- _Information provided_:
-- Opening Marker --

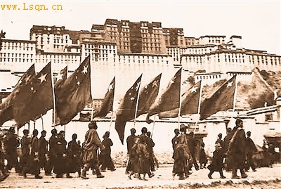 宋_GB2312 color=#000080>解放军进驻拉萨的先遣部队手持国旗走过布达拉宫广场。
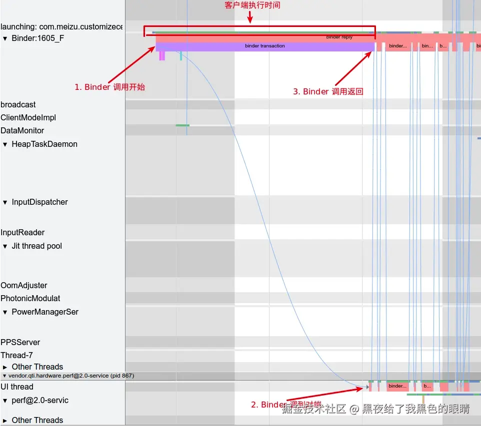图中主要是 SystemServer 进程和 高通的 perf 进程通信,Systrace 中右上角 ViewOption 里面勾选 Flow Events 就可以看到 Binder 的信息
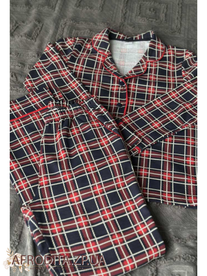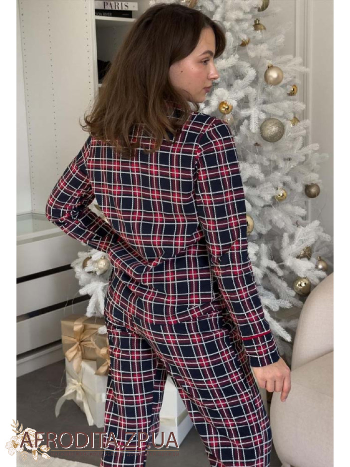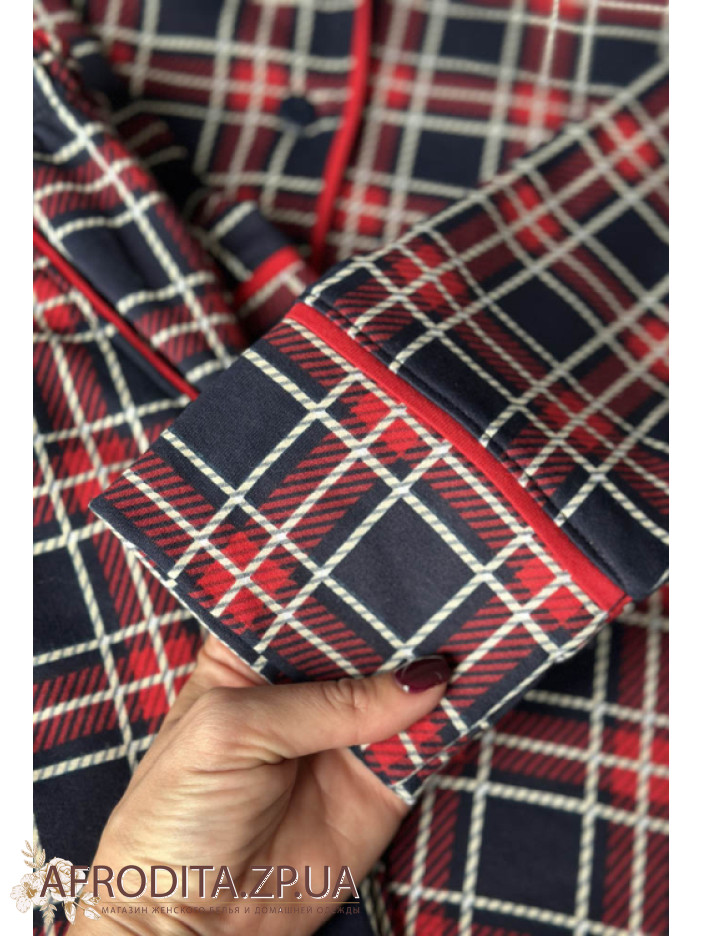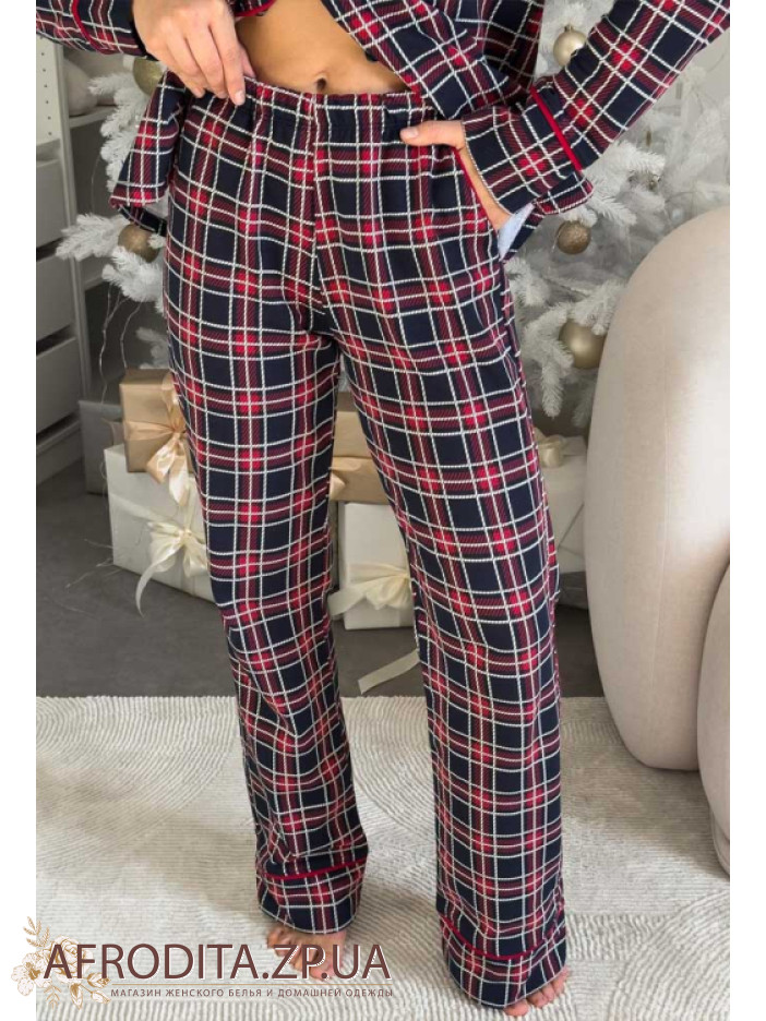 Женская байковая пижама со штанами от украинской торговой марки Cosy. Модель изготовлена из хлопка, в комплект входит рубашка на пуговицах в синюю клетку, рукав длинный. Воротник рубашечного типа, борт, рукава и воротник декорированы красным кантом. Штаны прямого кроя на мягкой резинке. По бокам расположены карманы. Модель отлично подойдет в качестве подарка близкому вам человеку.

-- Closing Marker --

- _Aim of the task_: Output the data exactly, pictures omitted.

- _Task response_:
 宋_GB2312 color=#000080>解放军进驻拉萨的先遣部队手持国旗走过布达拉宫广场。
图中主要是 SystemServer 进程和 高通的 perf 进程通信,Systrace 中右上角 ViewOption 里面勾选 Flow Events 就可以看到 Binder 的信息
 Женская байковая пижама со штанами от украинской торговой марки Cosy. Модель изготовлена из хлопка, в комплект входит рубашка на пуговицах в синюю клетку, рукав длинный. Воротник рубашечного типа, борт, рукава и воротник декорированы красным кантом. Штаны прямого кроя на мягкой резинке. По бокам расположены карманы. Модель отлично подойдет в качестве подарка близкому вам человеку.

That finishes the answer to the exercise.